Faster than unconstrained DTW
Prevents pathological alignments
Simple single parameter

Cons:

Cannot handle large time shifts exceeding the band width
Band width must be chosen a priori

When to use: When you know the maximum expected temporal offset between series, or when you need faster DTW with controlled warping.

from polars_ts import compute_pairwise_dtw

result = compute_pairwise_dtw(df, df, method="sakoe_chiba", param=10.0)

3. Itakura DTW

Description: A constrained DTW variant that restricts the warping path to lie within a parallelogram (Itakura parallelogram). This limits the allowed slope of the warping path, preventing both excessive compression and expansion.
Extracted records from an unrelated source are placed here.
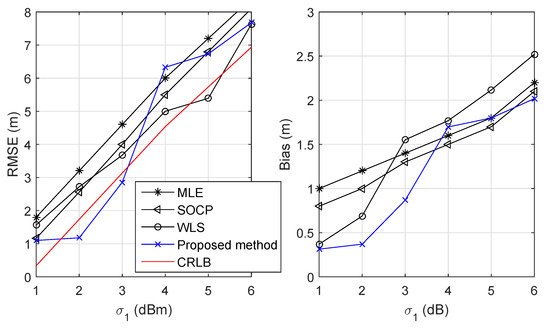 Figure 7 shows the RMSE and the bias versus when dBm. From this figure, we observe that the proposed method still had a good performance when the noise became large. The bias performance was comparable to the MLE and SOCP and much lower than the WLS. However, it was also acceptable since the proposed method had a lower complexity than the MLE and SOCP estimator.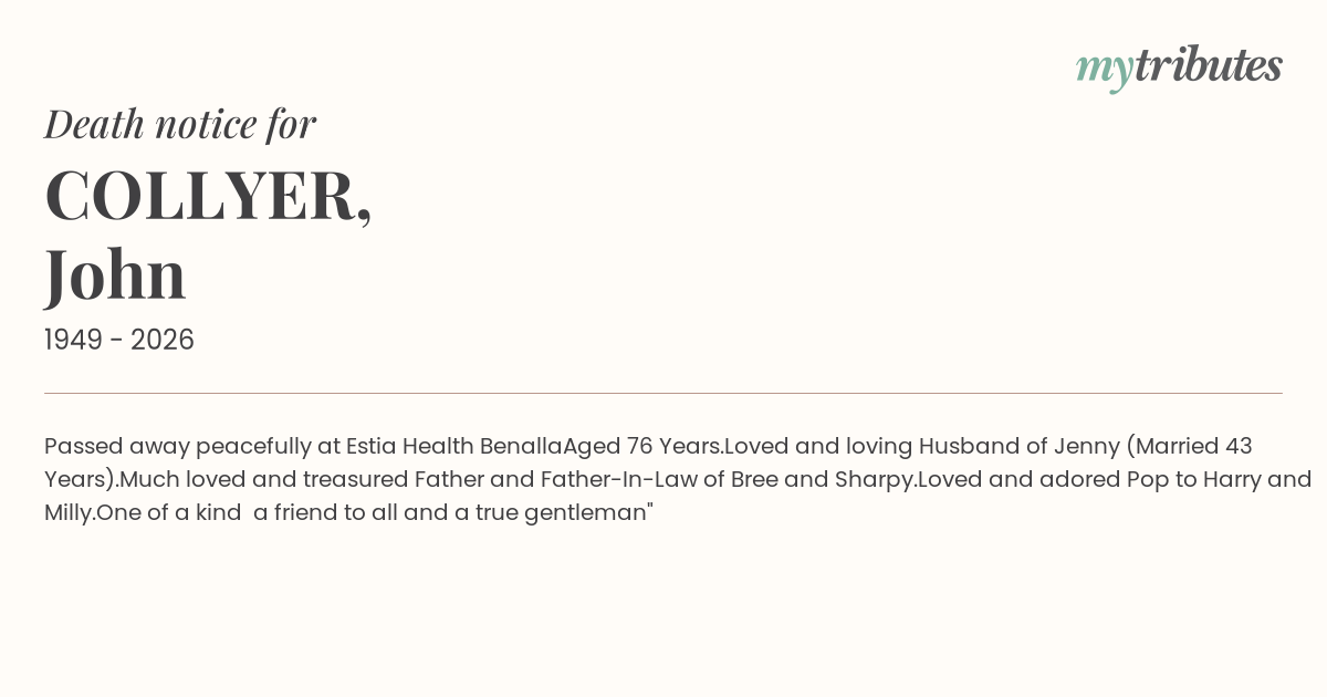 Passed away peacefully at Estia Health Benalla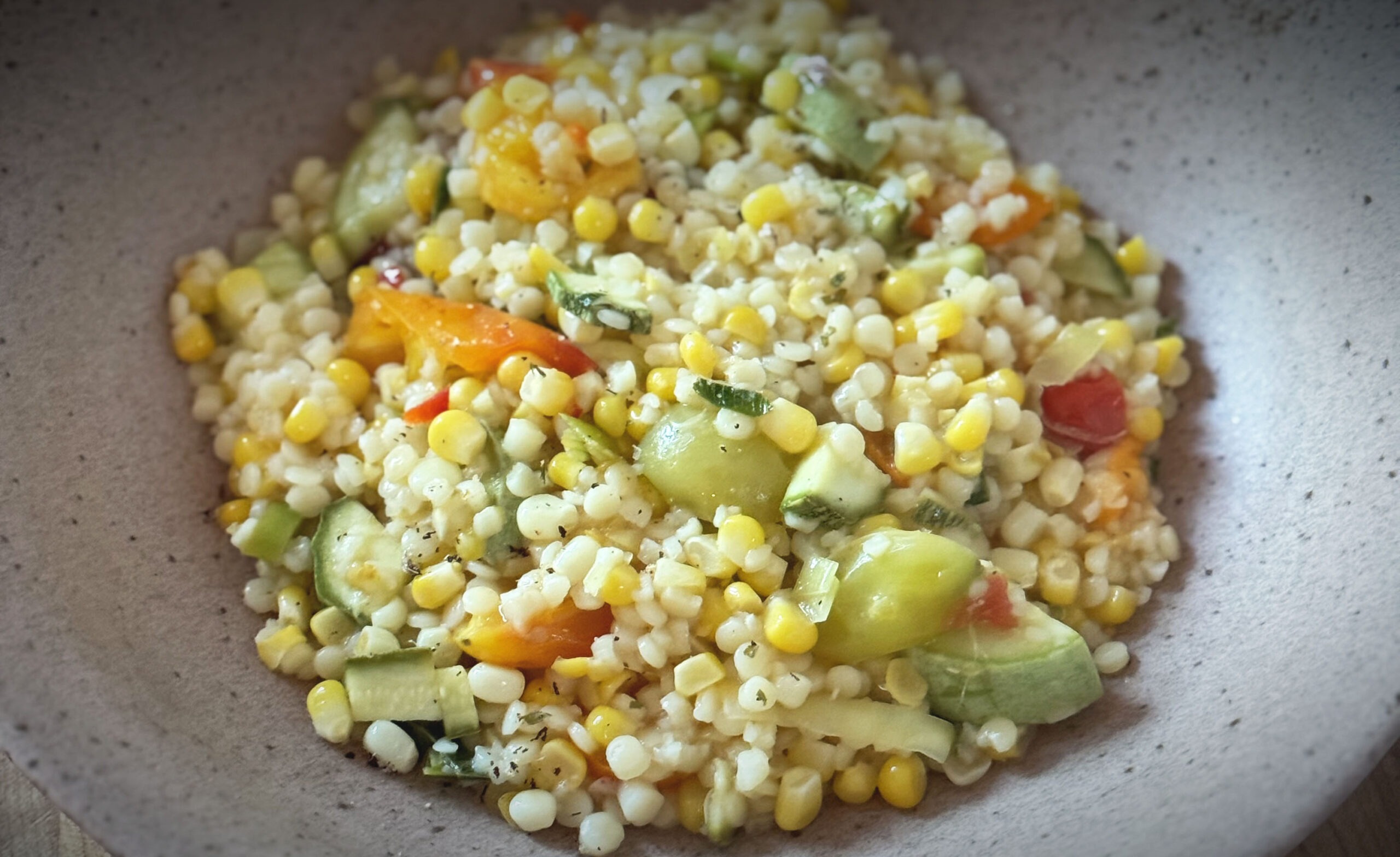 These four recipes,     Fire Roasted Caponata, Millet, Corn & Basil Salad, Zucchini & Eggplant Bolognese and Fresh Fig, Rosemary Butter Cookies have grown out of my current cycles of growth and creativity, they are as the Buddhists would say in the moment.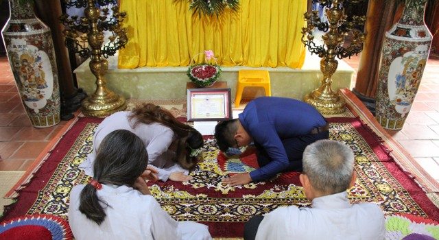 Hai bạn trẻ làm lễ hằng thuận cùng gia đình tại chùa Từ Xuyên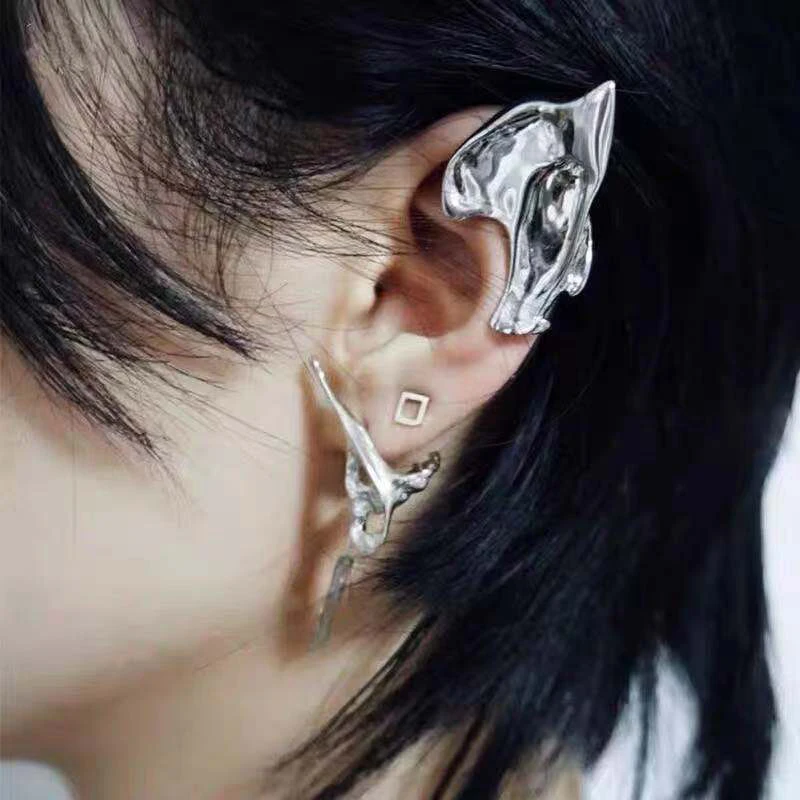 2021 новые модные панк Феи Клипсы Серьги для женщин готические нерегулярные металлические манжеты Необычные массивные серьги без пирсинга

How it works: The parallelogram constraint enforces a maximum and minimum slope on the warping path. The param value controls the slope factor -- higher values allow more warping flexibility.

Pros:

Prevents both excessive compression and stretching
More nuanced constraint than a fixed band
Good for speech and audio where tempo varies smoothly

Cons:

Less intuitive parameter than Sakoe-Chiba
Can be too restrictive for highly variable series

When to use: When temporal distortion is smooth and gradual, especially in speech and audio domains.

from polars_ts import compute_pairwise_dtw

result = compute_pairwise_dtw(df, df, method="itakura", param=2.0)

4. FastDTW

Description: An approximate DTW algorithm that operates in linear time and space. It uses a multi-resolution approach: coarsen the series, compute DTW at low resolution, then refine the path at progressively finer resolutions.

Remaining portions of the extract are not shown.